While i get some output for epinanoflow. The pipeline terminates with mentioned error. Here's the statement from the log file:

_Error executing process > 'compore_polish_flow:mean_per_pos (invitro)'

Caused by: Process compore_polish_flow:mean_per_pos (invitro) terminated with an error exit status (1)

Command executed:

mean_per_pos.py -i invitro_AIE407_pass_720e7cf3_16.fast5_event_align.tsv.gz -o basename invitro_AIE407_pass_720e7cf3_16.fast5_event_align.tsv.gz .fast5_event_align.tsv.gz

gzip *_processed_perpos_median.tsv

Command exit status: 1

Command output: (empty)

Command error: thread '' panicked at 'no lines in the file', /github/workspace/polars/polars-io/src/csv_core/parser.rs:108:51 note: run with RUST_BACKTRACE=1 environment variable to display a backtrace Traceback (most recent call last): File "/project/nextflow-bin/mean_per_pos.py", line 145, in main() File "/project/nextflow-bin/mean_per_pos.py", line 127, in main raw_import = parse_input(a.input) File "/project/nextflow-bin/mean_per_pos.py", line 34, in parse_input "event_level_mean": pl.Float32 }) File "/usr/local/python/versions/3.6.3/lib/python3.6/site-packages/polars/io.py", line 405, in read_csv rechunk=rechunk, File "/usr/local/python/versions/3.6.3/lib/python3.6/site-packages/polars/internals/frame.py", line 511, in read_csv parse_dates, pyo3runtime.PanicException: no lines in the file

I've also attatched the command.log and .err files from corresponding work directory, as well as the complete log file. When looking at the previous steps and the fast5_event_align.tsv.gz input file i observed that this file is empty.

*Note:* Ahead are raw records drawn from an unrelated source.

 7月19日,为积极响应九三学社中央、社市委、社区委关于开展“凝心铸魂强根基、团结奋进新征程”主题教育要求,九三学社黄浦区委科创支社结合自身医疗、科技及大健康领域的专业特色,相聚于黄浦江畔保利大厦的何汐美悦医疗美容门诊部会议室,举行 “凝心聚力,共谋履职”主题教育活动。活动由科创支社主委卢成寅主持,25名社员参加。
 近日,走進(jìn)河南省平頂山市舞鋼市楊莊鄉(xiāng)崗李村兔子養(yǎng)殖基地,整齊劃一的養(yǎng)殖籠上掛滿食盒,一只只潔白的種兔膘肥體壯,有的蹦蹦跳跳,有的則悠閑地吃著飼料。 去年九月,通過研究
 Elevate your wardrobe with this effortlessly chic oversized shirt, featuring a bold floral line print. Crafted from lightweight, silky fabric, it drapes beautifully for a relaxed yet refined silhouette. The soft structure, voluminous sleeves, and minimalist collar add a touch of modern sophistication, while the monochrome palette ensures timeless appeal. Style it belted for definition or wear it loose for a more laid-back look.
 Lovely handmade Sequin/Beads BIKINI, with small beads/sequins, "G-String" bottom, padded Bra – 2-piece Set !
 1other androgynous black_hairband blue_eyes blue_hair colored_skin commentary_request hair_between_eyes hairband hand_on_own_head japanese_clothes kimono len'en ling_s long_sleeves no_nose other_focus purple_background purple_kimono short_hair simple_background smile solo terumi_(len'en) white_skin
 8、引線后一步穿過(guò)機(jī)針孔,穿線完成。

Could you give me any clues where the error might stem from? This is the first time I'm using awsbatch and one thing i should mention is that i didn't configured a queue with a gpu-based CE yet, even though the queue is stated in the awsbatch profile.

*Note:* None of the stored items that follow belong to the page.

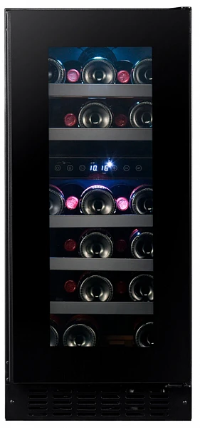 Две температурые зона (5-12, 12-20°C), вместимость до 32 винных бутылок.
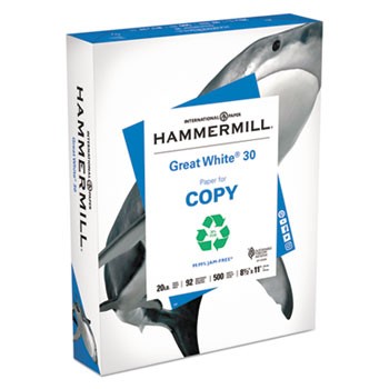 Great White 30 Recycled Paper, 92 Bright, 20lb, Ltr, 500/RM, 10 RM/CT
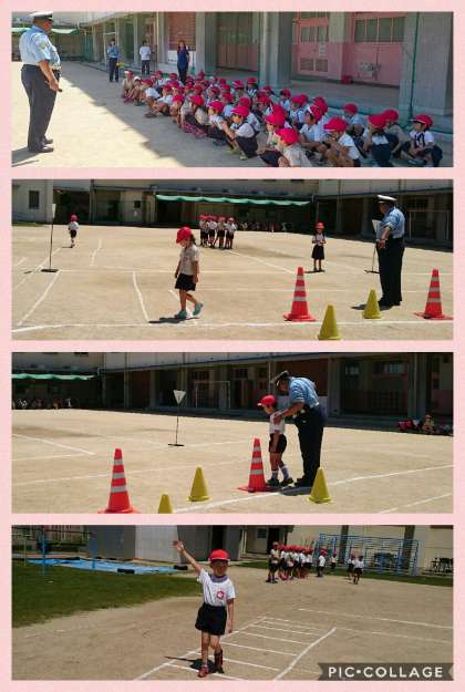 二時間目は前半をDVD観賞、後半を運動場での模擬体験で、此花警察署のお巡りさんに命を守る方法を丁寧に教えていただきました。
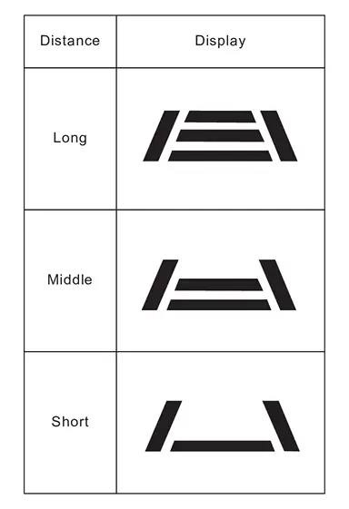 Check that the set distance indicator changes display in order of: (Long)→(Middle)→(Short).
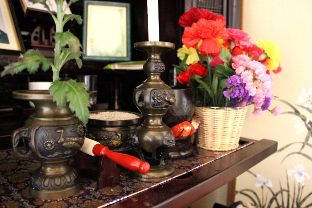 配置する場所は、香炉や燭台などを置く一番手前側、また
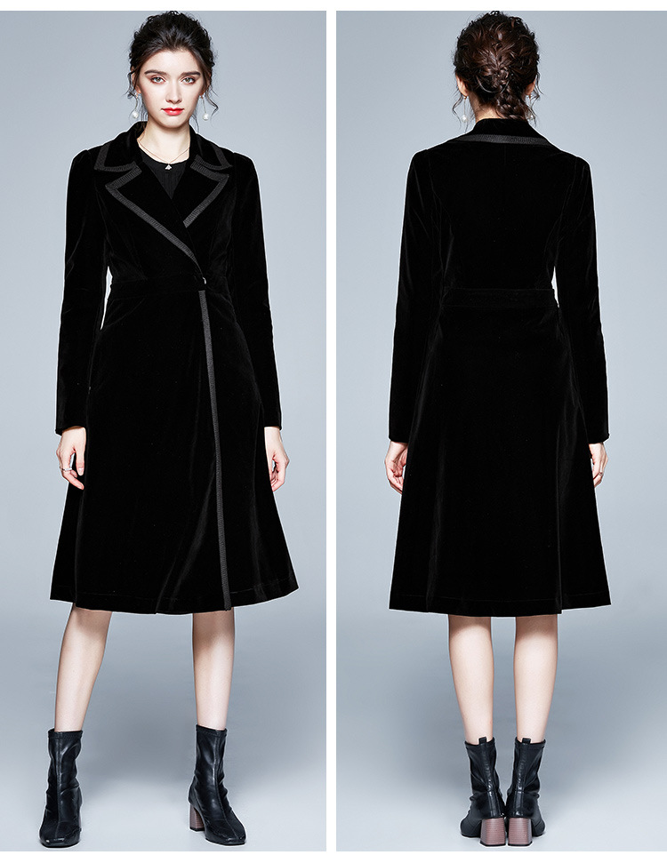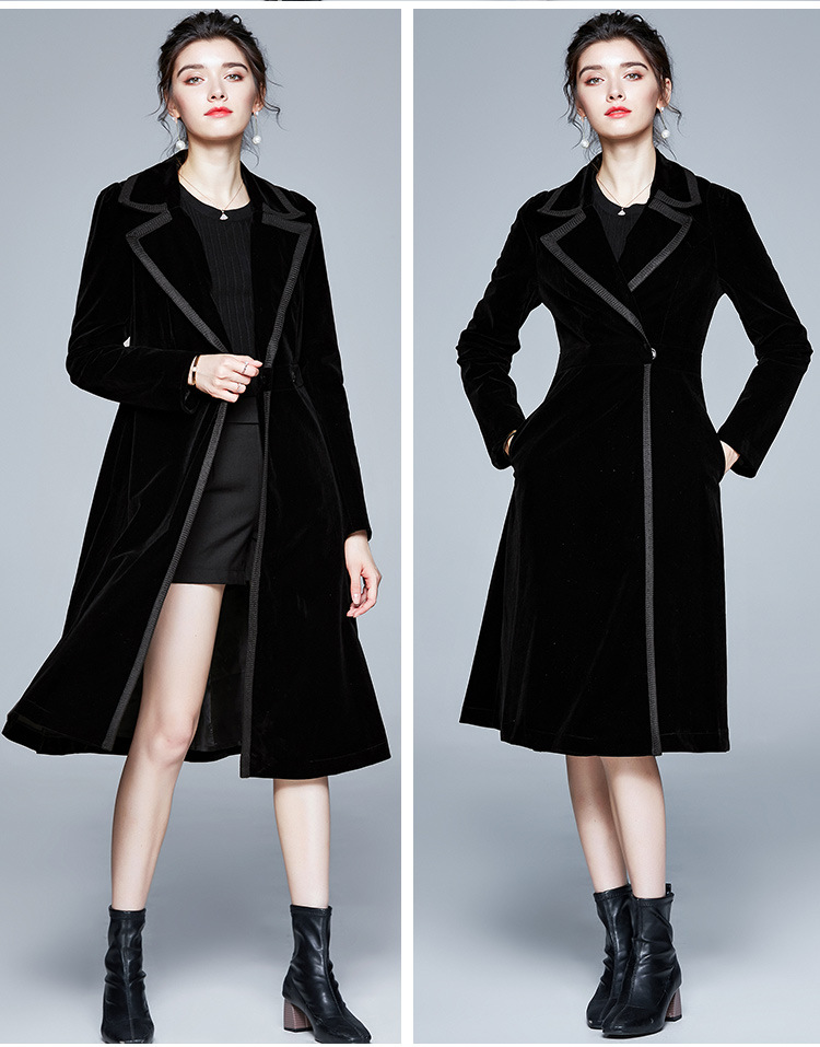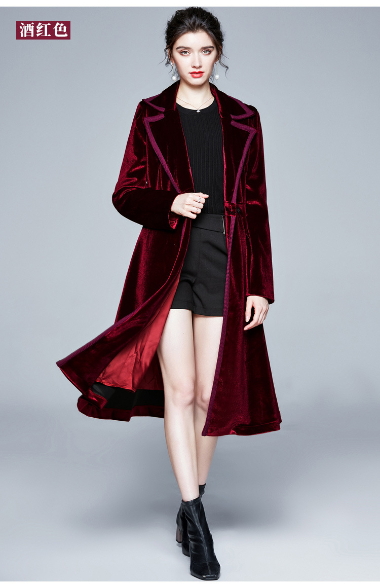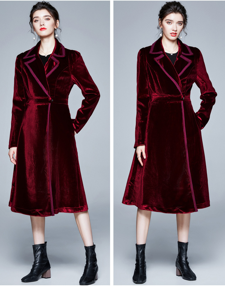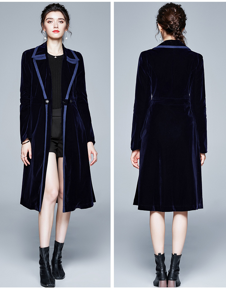 Европейские и американские настоящие фотосессия бархатная ветровка длинная юбка куртка 8882 синий 8885 винно-красный черный

Any tips probably will help.

Best, Ben

logs.zip

lucacozzuto commented 2 years ago

Dear @peaceben, can you please try with the embedded test dataset? And I just fixed a problem in mop_mod ?(some process were commented), can you do a git pull?

best, Luca

peaceben commented 2 years ago

Dear Luca,

I have updated the repository yesterday and gave the test data a go. Preprocessing works flawlessy. mop_mod exits with following statement:

**_Error executing process > 'compore_polish_flow:NANOPOLISH_EVENTALIGN:eventalignCollapse (mod)'

Caused by: Process compore_polish_flow:NANOPOLISH_EVENTALIGN:eventalignCollapse (mod) terminated with an error exit status (1)

Command executed:

zcat mod_batch_0.fast5_event_align.tsv.gz | awk '!(/^contig/ && NR>1)' | tee >(pigz -p 2 -9 - > mod_combined.eventalign.tsv.gz) | NanopolishComp Eventalign_collapse -t 2 -o mod_collapsed_align_events

Command exit status: 1

Command output: (empty)

Command error: Checking arguments Traceback (most recent call last): File "/usr/local/python/versions/3.6.3/bin/NanopolishComp", line 8, in sys.exit(main()) File "/usr/local/python/versions/3.6.3/lib/python3.6/site-packages/NanopolishComp/main.py", line 65, in main args.func(args) File "/usr/local/python/versions/3.6.3/lib/python3.6/site-packages/NanopolishComp/main.py", line 80, in Eventalign_collapse_main quiet = args.quiet) File "/usr/local/python/versions/3.6.3/lib/python3.6/site-packages/NanopolishComp/Eventaligncollapse.py", line 106, in init raise ValueError ("At least 3 threads required") ValueError: At least 3 threads required**

Additionally, bedGraphToWig_msc (mod---wt) & bedGraphToWig_lsc (mod---wt) fail 2 out of 4, but the error is ignored. I think this is due to the fact that there is no data on the negative strand.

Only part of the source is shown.